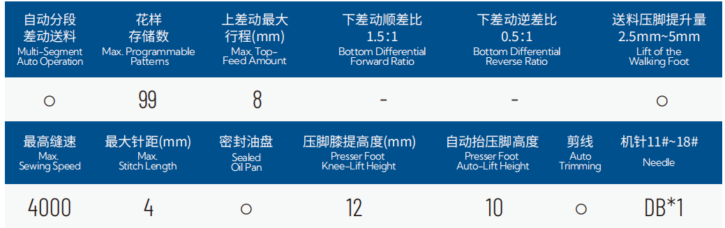 4.头部微油,全封闭油盘,气动抬压脚;
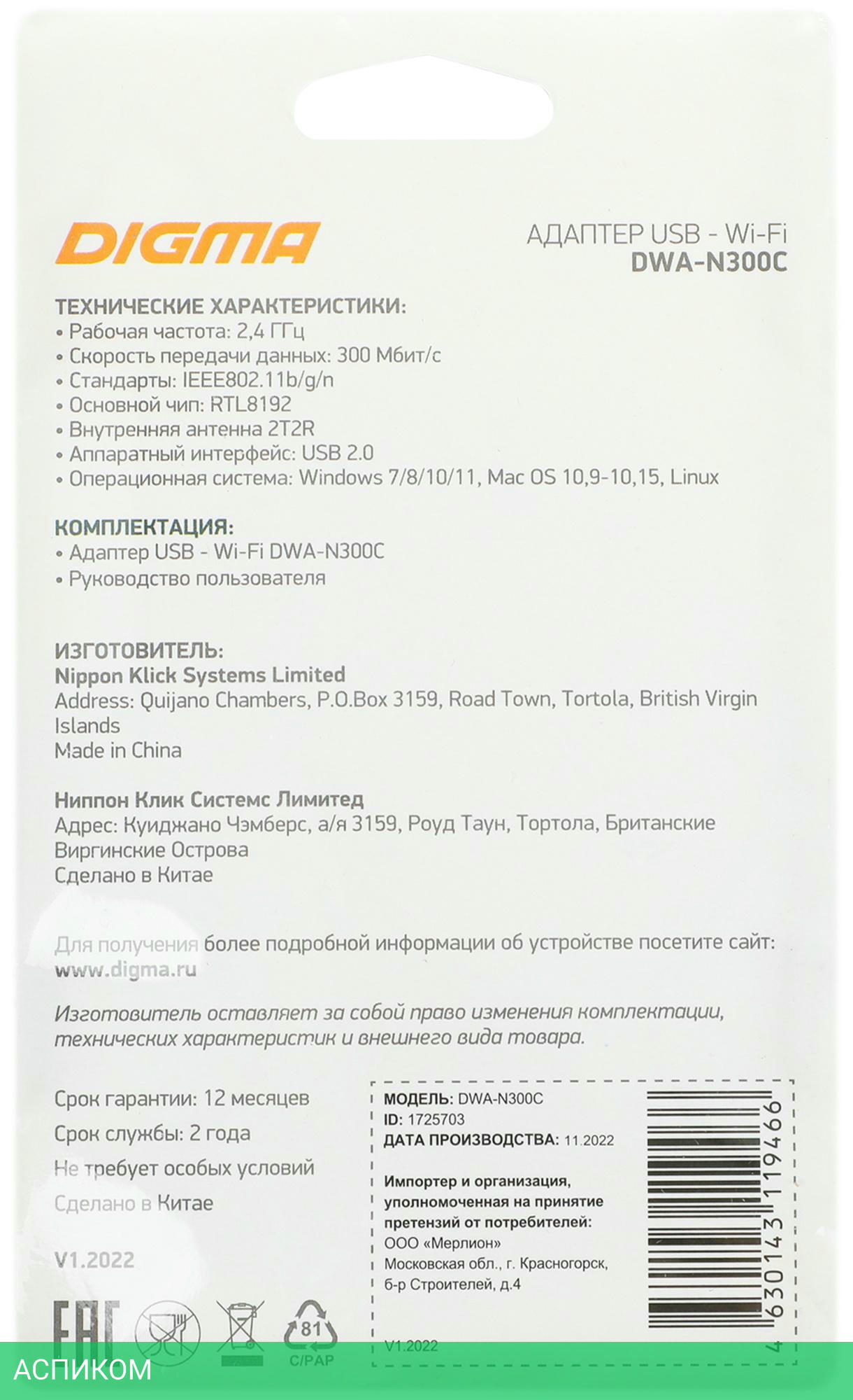 Wi-Fi адаптер / USB 2.0 / 802.11n / 2.4 / 300.0
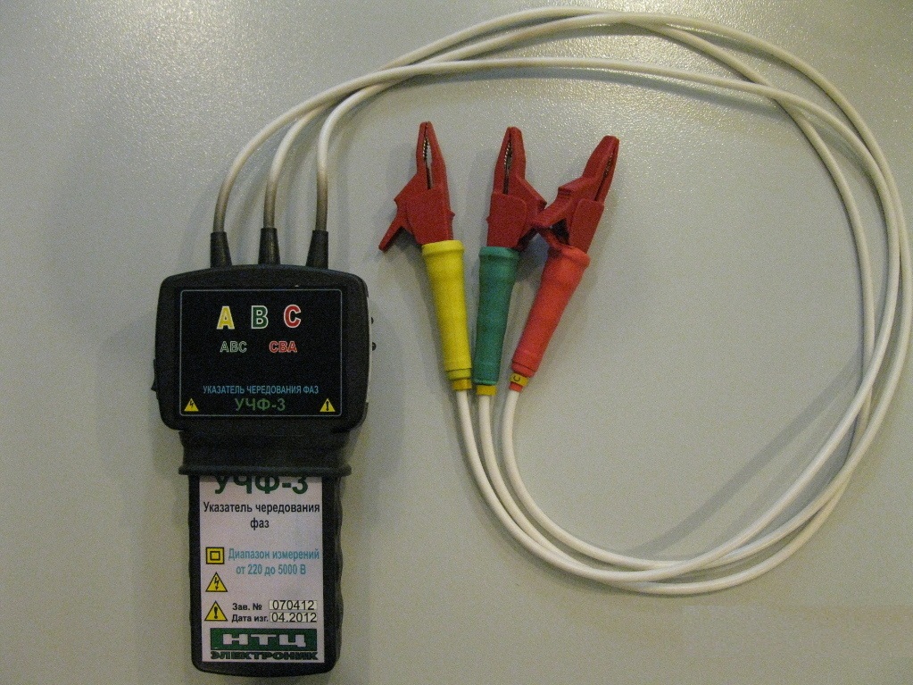 Указатель чередования фаз УЧФ-3 предназначен для определения прямой и обратной последовательности, а также отсутствие одной из фаз, в трехфазных промышленных системах электросетей напряжением от 220 до 5000 В и частотой 50 Гц, в том числе в сетях с преобразователями частоты (ПРЧ).
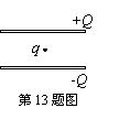 13.如图所示,平行板电容器极板间距离为d,电容为C,所带电荷量为Q,在两个极板正中央有一个点电荷,带电量为q,则该点电荷所受的电场力大小为 ( )
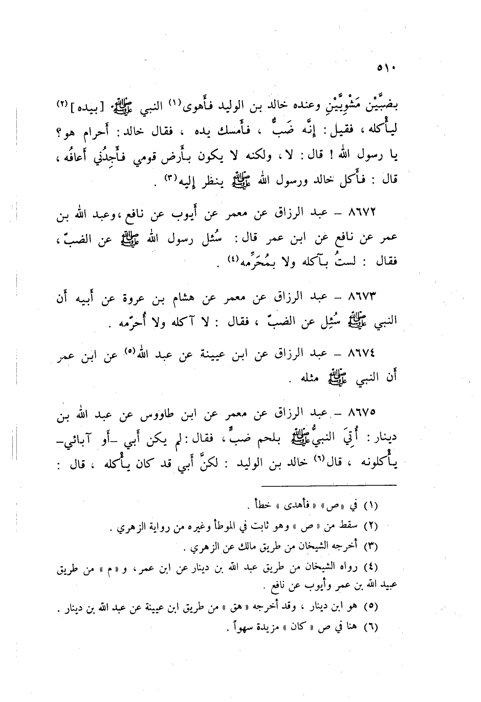 8675 - عَنْ مَعْمَرٍ، عَنِ ابْنِ طَاوُسٍ، عَنْ عَبْدِ اللَّهِ بْنِ دِينَارٍ، أُتِيَ النَّبِيُّ صَلَّى اللهُ عَلَيْهِ وَسَلَّمَ بِلَحْمِ ضَبِّ، فَقَالَ: «§لَمْ يَكُنْ أَبِي أَوْ آبَائِي يَأْكُلُونَهُ» قَالَ خَالِدُ بْنُ الْوَلِيدِ: لَكِنَّ أَبِي قَدْ كَانَ يَأْكُلُهُ قَالَ: فَأَكَلَ مِنْهُ خَالِدٌ، وَالنَّبِيُّ صَلَّى اللهُ عَلَيْهِ وَسَلَّمَ يَنْظُرُ إِلَيْهِ
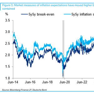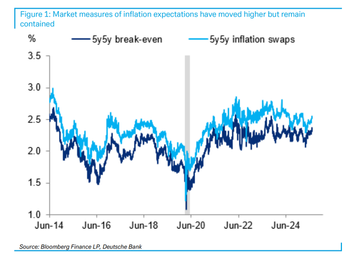 华尔街见闻文章显示,美国6月核心CPI连续5个月低于预期,市场通胀预期指标也显得相对温和。德银分析指出,近期,衡量市场长期通胀预期的关键指标——5年期、5年期远期盈亏平衡通胀率(5y5y breakevens)和通胀互换(inflation swaps)——虽然已升至近十二个月的高位,但整体仍处于受控区间。
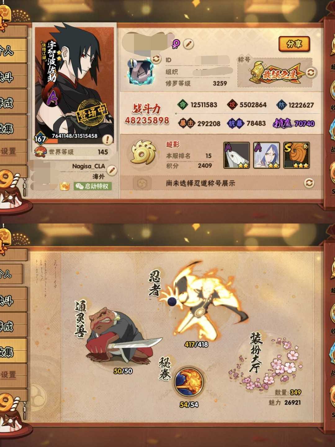 十尾带土❤️4855w顶配❤️3100属攻秒杀团本❤️全忍者❤️全通灵❤️侠隐佐助❤️看描述可便宜租
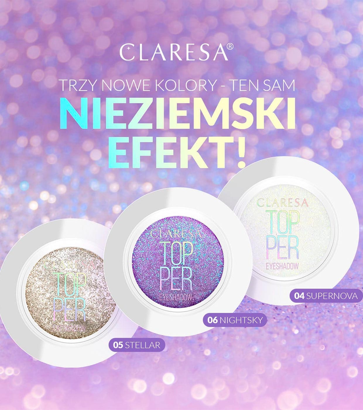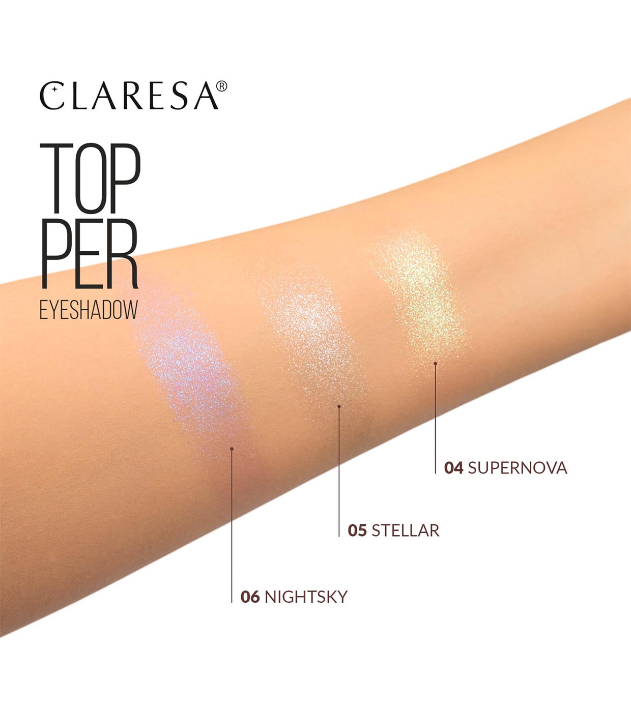 Topper para sombras de ojos de Claresa con partículas multicromáticas para un look de ojos de lo más intenso.
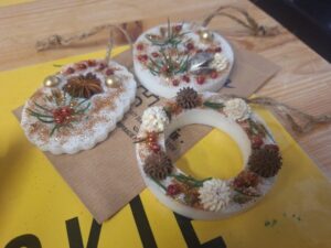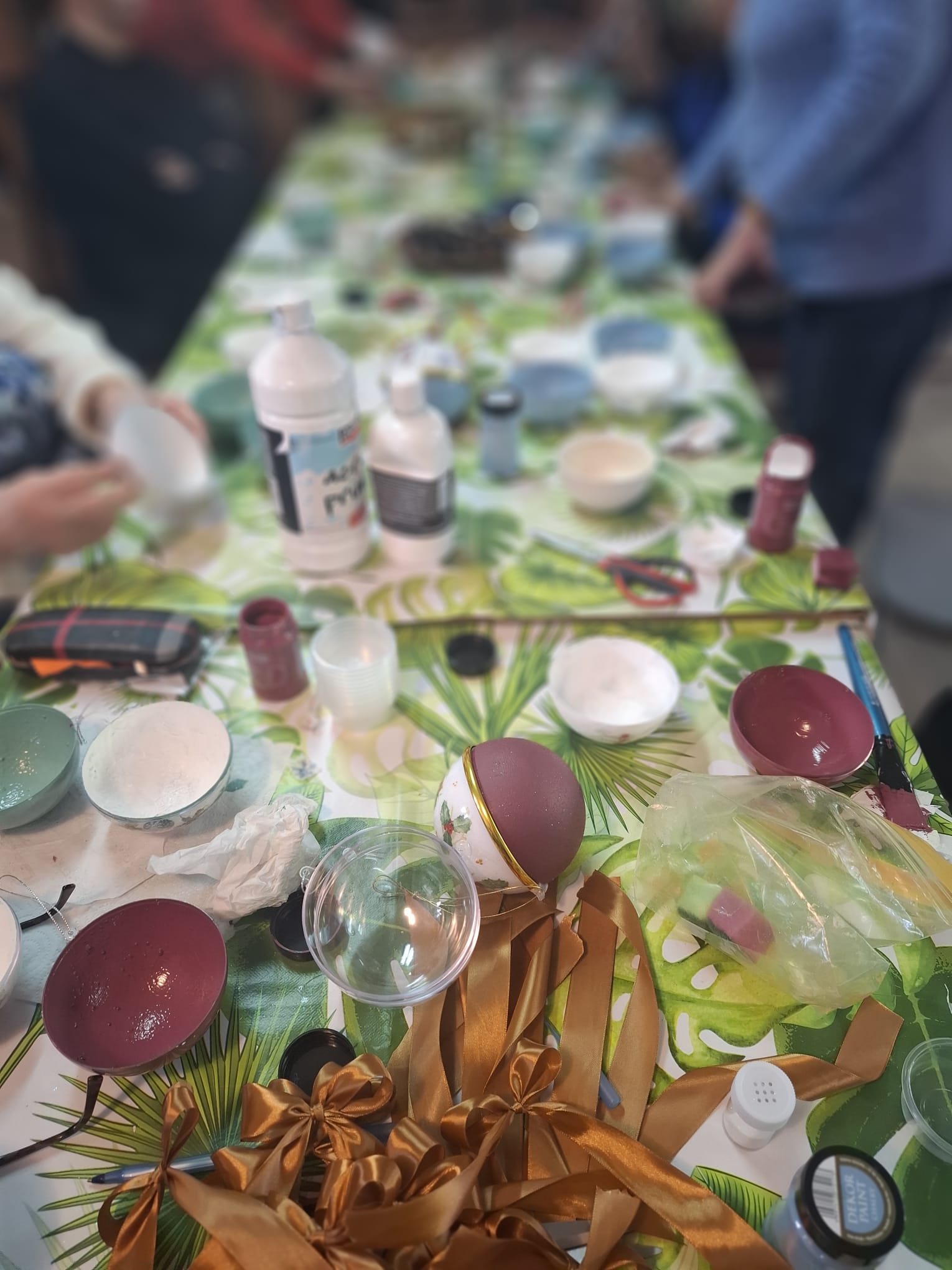 Super atmosfera w grupie dużo radości a nawet rywalizacja czyja bombka ładniejsza. Wszystkie są piękne, wystarczy popatrzeć na zdjęcia. Praca wre, krótka przerwa o 14:00 na obiad przygotowany przez Spiżarnie Kujawską i powrót do pracy.
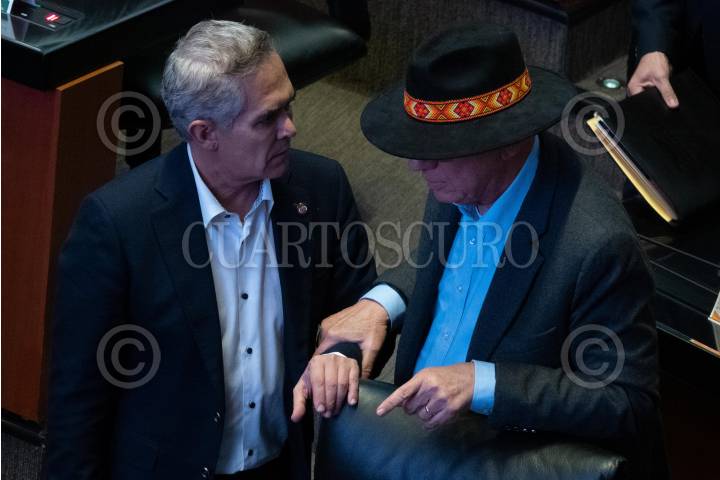 CIUDAD DE MÉXICO, 05DICIEMBRE2023.- El perredista Miguel Ángel Mancera conversa con el coordinador de Movimiento Ciudadano, Dante Delgado, durante la sesión ordinaria de la LXV Legislatura en la Cámara de Senadores. FOTO: GALO CAÑAS/CUARTOSCURO.COM
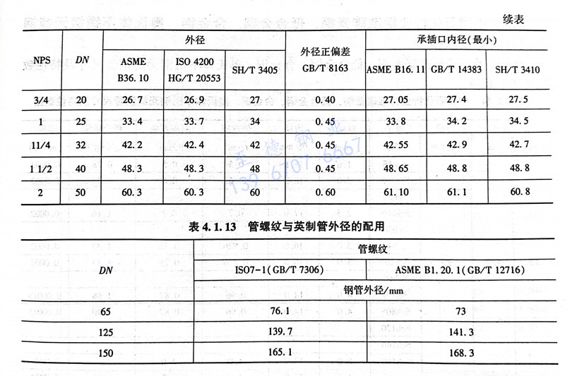 ②. 螺(luo)紋(wen)管件,閥門的螺(luo)紋(wen)型式(NPT、R、Rc、Rp)與鋼(gang)管外徑(jing)的配合見表4.1.13。
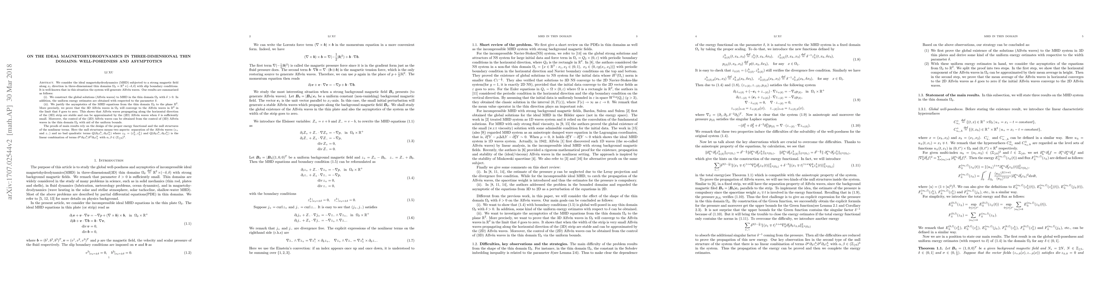 This paper investigates the ideal magnetohydrodynamics (MHD) in three-dimensional thin domains, focusing on Alfvén waves under strong magnetic fields. The authors construct global solutions and prove uniform energy estimates for the MHD system in these thin domains, and demonstrate that 3D Alfvén waves converge to 2D Alfvén waves as the domain thickness approaches zero.
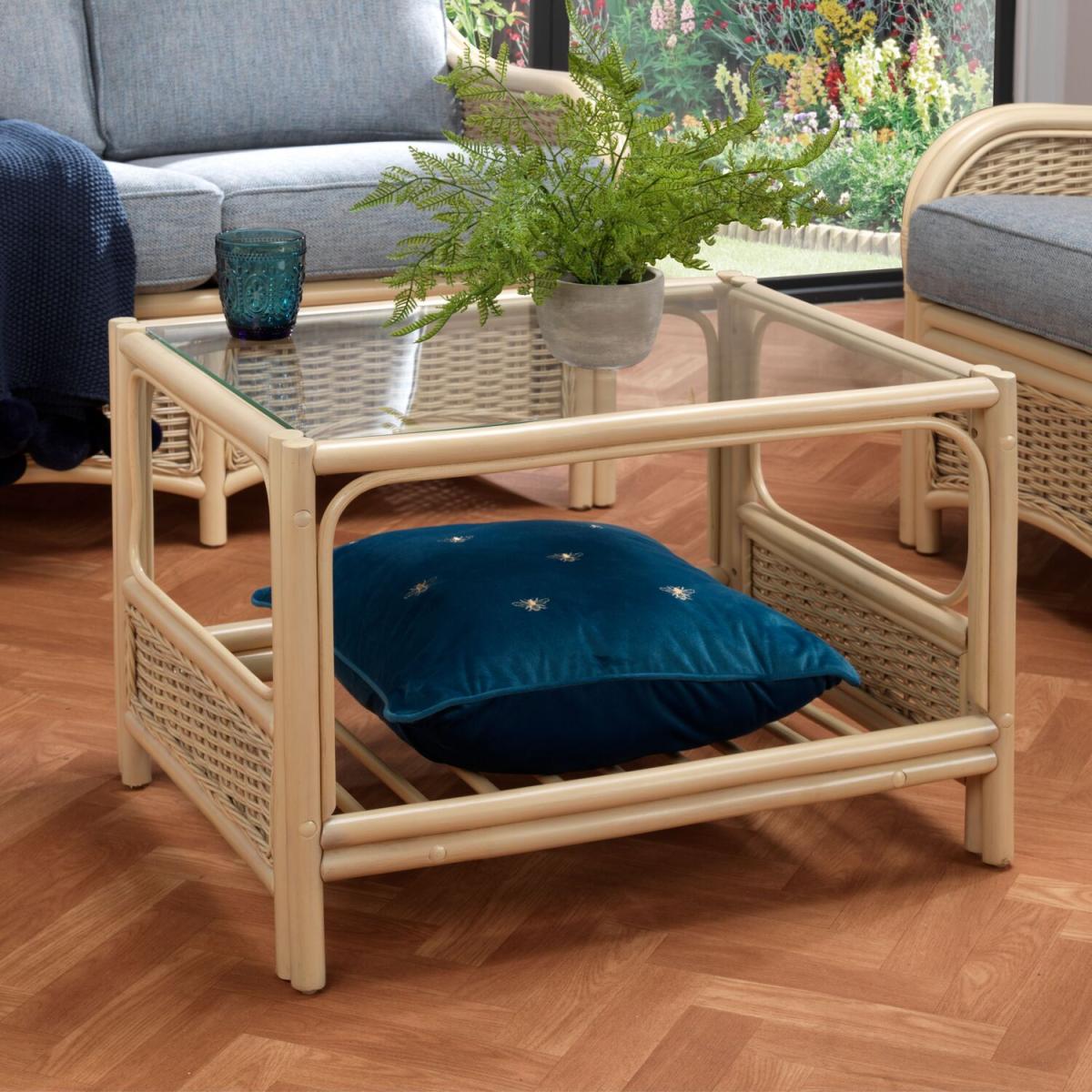 I really like how this cane coffee table brings a light, airy feel without looking too fussy. The natural-wash frame and glass top make it versatile for coastal, Scandi or relaxed boho schemes, and the lower shelf is ideal for baskets or a neat stack of magazines. To style it, add a small tray with a couple of candles and a low vase of fresh or dried foliage to keep surfaces clear. On the shelf below, use matching rattan or woven baskets to store throws and remotes. Its neutral tone means you can change cushions, rugs or accessories around it without the table ever feeling out of place.

* * *

TASK GOAL: Your reply should contain only an exact copy of the lines from the beginning of the material through the line with "8675 - عَنْ", both ends included, with the pictures removed.

WORKED SOLUTION:
 4.头部微油,全封闭油盘,气动抬压脚;
 Wi-Fi адаптер / USB 2.0 / 802.11n / 2.4 / 300.0
 Указатель чередования фаз УЧФ-3 предназначен для определения прямой и обратной последовательности, а также отсутствие одной из фаз, в трехфазных промышленных системах электросетей напряжением от 220 до 5000 В и частотой 50 Гц, в том числе в сетях с преобразователями частоты (ПРЧ).
 13.如图所示,平行板电容器极板间距离为d,电容为C,所带电荷量为Q,在两个极板正中央有一个点电荷,带电量为q,则该点电荷所受的电场力大小为 ( )
 8675 - عَنْ مَعْمَرٍ، عَنِ ابْنِ طَاوُسٍ، عَنْ عَبْدِ اللَّهِ بْنِ دِينَارٍ، أُتِيَ النَّبِيُّ صَلَّى اللهُ عَلَيْهِ وَسَلَّمَ بِلَحْمِ ضَبِّ، فَقَالَ: «§لَمْ يَكُنْ أَبِي أَوْ آبَائِي يَأْكُلُونَهُ» قَالَ خَالِدُ بْنُ الْوَلِيدِ: لَكِنَّ أَبِي قَدْ كَانَ يَأْكُلُهُ قَالَ: فَأَكَلَ مِنْهُ خَالِدٌ، وَالنَّبِيُّ صَلَّى اللهُ عَلَيْهِ وَسَلَّمَ يَنْظُرُ إِلَيْهِ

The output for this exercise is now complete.